You can’t lose what isn’t yours. And if you recognize that your relationship with “your” customers is tenuous at best, you have a good chance of creating lasting bonds and keeping customers. Customers are transient. They are supposed to be transient in a free-market economy. In our Darwinian economy, only the strong should survive. In our economy we should want consumers to make the best purchases for them. I used to feel bad when I didn’t “buy American” until I realized that American’s don’t buy American, they buy smart. Now I only feel bad when companies think of their customers as entitlements. Here are some surefire ways to lose customers:

Hammer them Like a Nail – If your answer to dissatisfied customers is to run a public relations campaign trumpeting how much you’ve improved, you are on the wrong track and wasting money. Customer satisfaction can be addressed only by improving customer service. In the world of social media and connected buyers/consumers, the good news about service will spread. Without tangible customer benefits your PR campaign will seem like you view service as a marketing problem, rather than a service problem.

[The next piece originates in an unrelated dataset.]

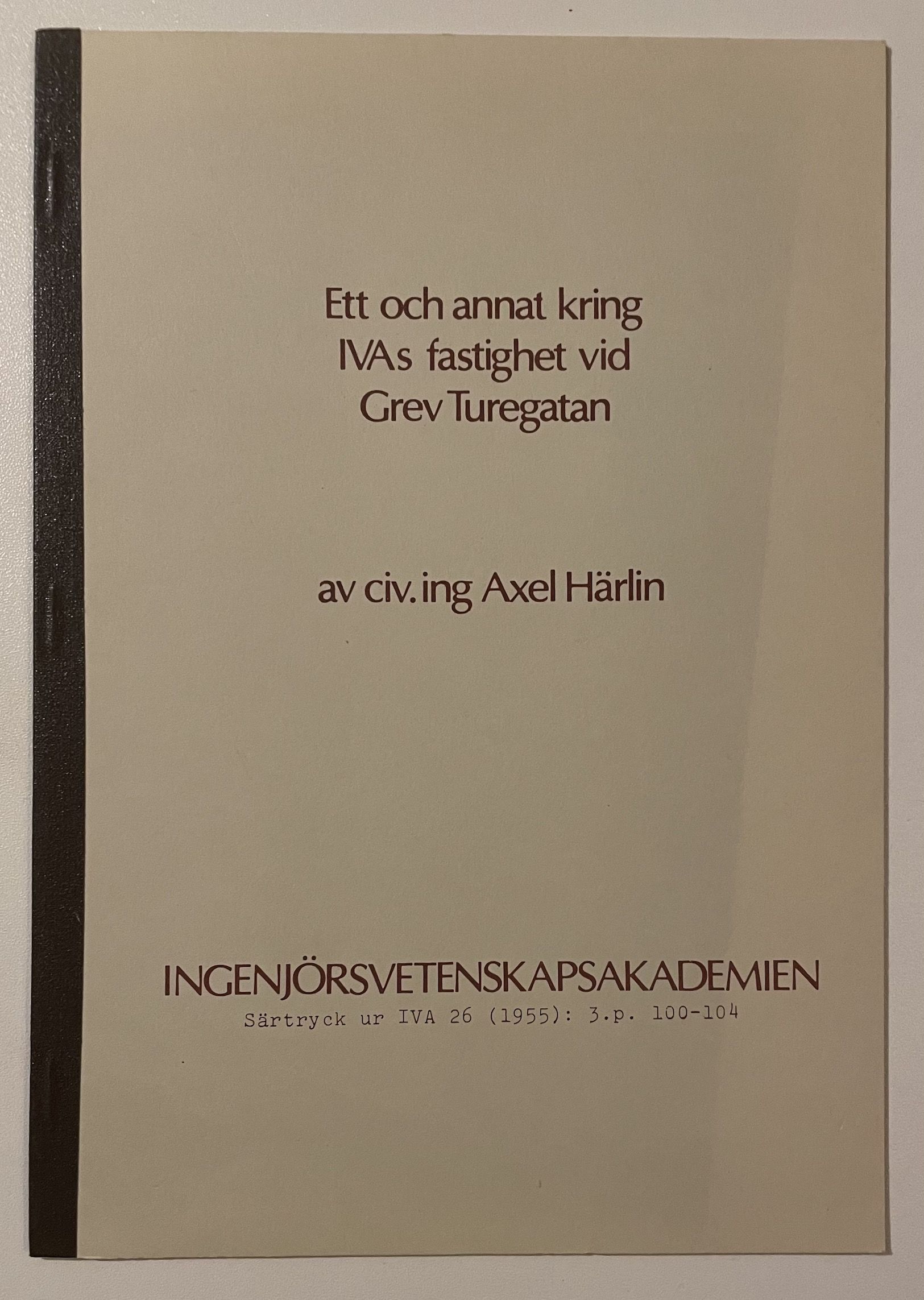 Ett och annat kring IVAs fastighet vid Grev Turegatan.

Treat Customers as an Inconvenience – We focus a lot of time, energy, attention, study, research, and ultimately money on acquiring customers. Who can argue with an approach that lends itself to growing and building the business? Yet we invest very little on retaining those customers we worked so hard to acquire. If our acquisition message of “you are important” is to resonate and remain meaningful, we must back it up with actions and deeds that shout “we still value you!”

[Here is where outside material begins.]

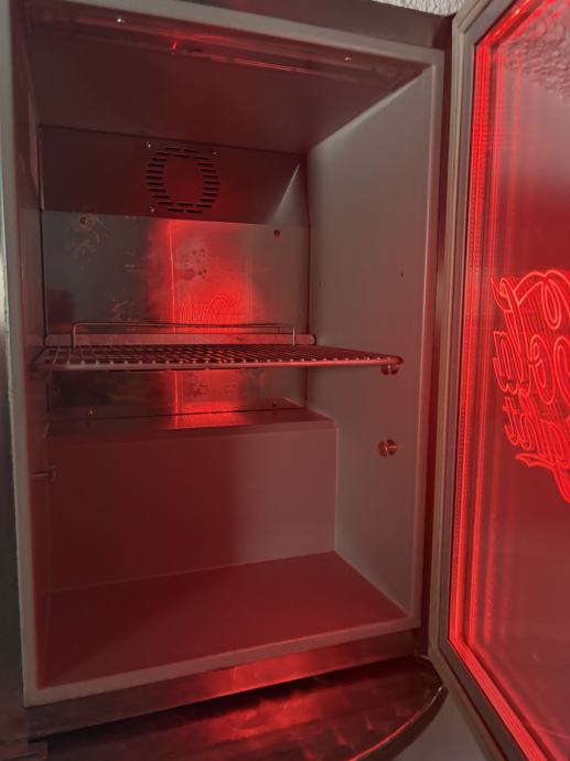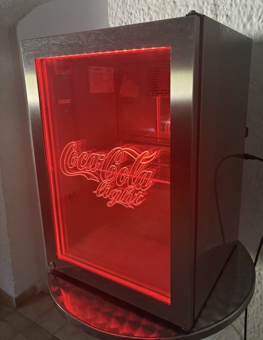 Prodam odlično ohranjen in delujoč hladilnik Coca Cola,proizvajalca Liebherr,celoten iz inoxa,rdeča in bela led osvetlitev,neto polnilne prostornine 42 litrov,hladi do -5 stopinj,možnost pritrditve na steno.

Create Processes that Benefit You or Your Company (but not the customer) – I had a surreal experience recently when trying to pay off the balance on a loan with Chase Bank. It took only a few minutes to get the loan. But paying it back required two (2) hours and the involvement of at least four (4) different departments (I stopped counting). Amazingly, Chase Bank had to verify that it was authorized to accept payment. I don’t know about you, but when someone offers to pay me back, I don’t ask where the money came from… I’m just happy to see it again. Now I’m beginning to understand why people think the banking system is broken. First it lent money to people who shouldn’t have gotten any in the first place, and now it won’t take the money back? Quite simply, if your processes aren’t benefiting customers, they are losing customers.

The Pivot Point is that “your” customers have choices. And so do you. If you choose to ignore customers or erect barriers to their success they will take their business elsewhere. After all, customers are yours only as long as you provide a benefit.